So, in this dream I was in some kind of city and the only way out was by scaling an enormous dam wall on the edge of the city limits. I really wanted to get out because the city had nothing natural in it and the people were kind of awful. In my journey towards the dam wall I came across an antique shop with a family inside, a mother and three girls. All of them were wearing real fur coats.
I stopped and knelt down next to the eldest girl, who was about 10, and said gently, ‘Oh honey, don’t you know that fur coats are cruel to animals?’ She looked at me and said nonchalantly, ‘Yeah, I know!’
I thought to myself that she just must not understand, so I explained a little further. I touched her fur coat and said, ‘You see, a fox used to have this on her body. The only way to get the fur off the fox and onto your body is by killing the fox and taking it from her. Do you see now?’ She was unfazed, but seemed to be clueing on in a positive way. Her little sisters gathered around her and her mother came over, too. I remember feeling a bit anxious in the dream because I didn’t want to use inappropriately strong language with a 10 year old, and wondering if the word ‘killing’ was too strong. Children have to learn about death before long, my dream self reasoned.
I started chatting with the mother about the moral price of fur coats, who was blonde with a high-pitched voice and wearing arctic fox fur. To my relief, she seemed open to changing her mind about fur when we talked about how it was produced. I remember thinking she had a grating personality, but I also felt a pang of sympathy towards her. As I felt this, I saw a snapshot of her life like a colour-saturated TV sitcom, in which she was hanging washing on a hills-hoist as her husband came home from work in a suit, and he completely ignored her as if she wasn’t there.

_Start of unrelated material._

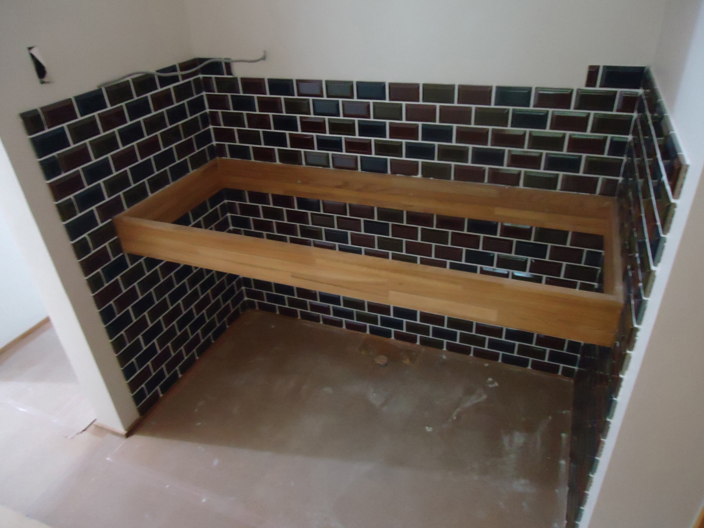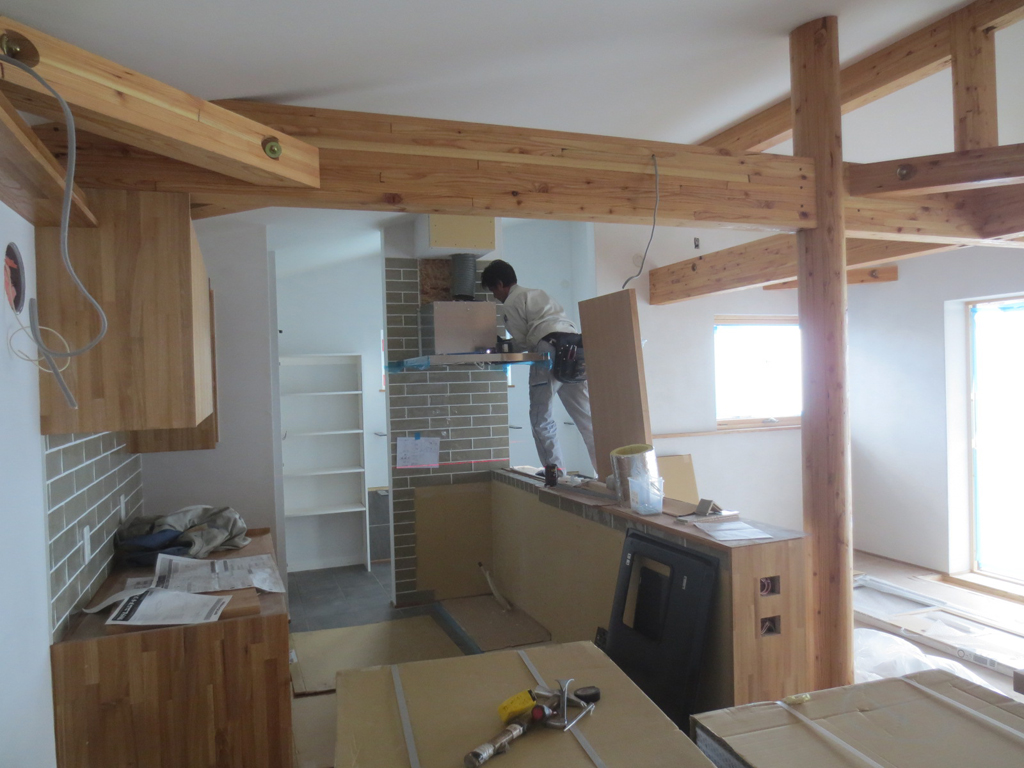 タイル屋さんもキッチン部分のタイル貼り終わり、目地(タイルの隙間)の調整中です。

‘Maybe baby seal is taking it too far.’ She was saying to me now, ‘I know it’s a bit sadistic, but fur is so beautiful to wear!’ I thought, well, that’s as far as I can get with this lady without getting more nitty-gritty in front of her kids. I hope she thinks about the example she is making. And I continued on my way to the dam.
When I arrived at the base of the towering curved concrete wall, a titanic structure that dwarfed the human figure, I realised I wasn’t the only one trying to escape the city. Hundreds of little brown baby rabbits were trying to get out, too.

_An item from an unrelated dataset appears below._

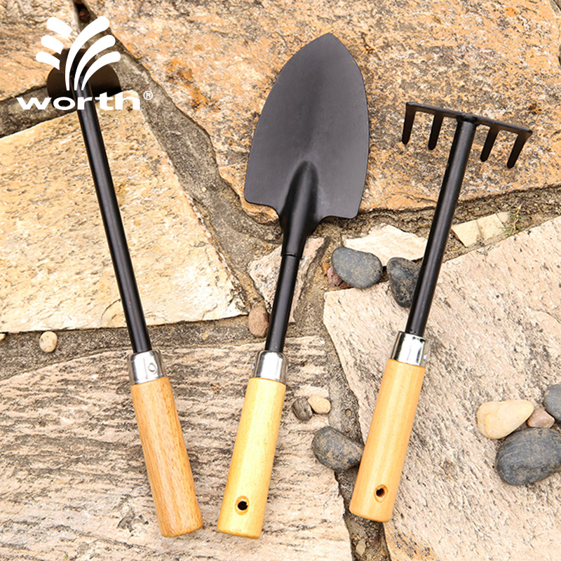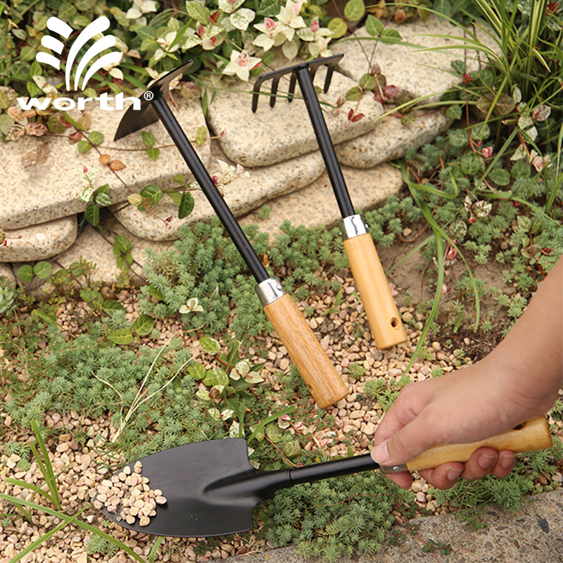 Woschworth gardening flower planting wooden handle shovel 3-piece set household potted planting flower shovel hoe tool

I heard my mother call out to me from nearby. She pointed to a long, rusted ladder and said ‘You have to climb that ladder to get out. Try and help the rabbits, pick up as many as you can on the way up! Use your shirt as a sling to carry them!’
I looked with dismay at the ladder. Each iron-red rung was crowded with little furry rabbit bodies who were struggling to climb up. Gingerly I started climbing, picking up as many rabbits as I could and being very careful to at least not dislodge any who were resting on their upward journey. I put some in my shirt, some on my shoulders and others I carried in my arms. I could feel their soft fine baby-fur and warm bodies with hearts beating very fast. Their eyes were black and glittery with moisture, and I could even see their bristling whiskers clearly.
When I reached the top, I looked out on an incredible vast vista of concrete, distant treelined banks, and a plunging drop into a wide, flat river hundred of meters below. Enormous thick iron struts emerged from the colossal pale curve of concrete that held back the reservoir, and I could see baby rabbits clustered on them, trying to muster the courage to fling themselves into the abyss.
I edged out onto a vertiginous ledge, also crowded with little buns. I looked around and there were groups of them everywhere, lined up on ledges and balanced on beams, struts, walkways and scaffolding, tiny furry bodies clustered in pockets of solidarity, shoulder to shoulder. They were looking down over the edge of their perches, considering what they had to do, all very attentive and serious, not messing around at all.
I looked down at the hard, bright water and thought it looked almost too far for me to survive the fall, let alone the baby rabbits. Nevertheless, far down below I could see little specks making ripples in the water, rabbits swimming to shore.
I looked at the rabbits I had carried up the wall and thought to myself, There’s no way I’m going to throw these rabbits into the water. They can decide if they want to jump, but if I throw them and they don’t survive the fall then it’s my fault. Besides, I can’t be certain there’s not another way out to the river bank from here. They have to figure it out for themselves, they deserve to make that choice along with all the others. And I put down all the rabbits I was carrying carefully so they wouldn’t fall off accidentally, Which would be ironic, my dream self thought.
I climbed out onto a beam and tried to figure out how far out I would need to jump to clear the lower dam wall, and then I woke up.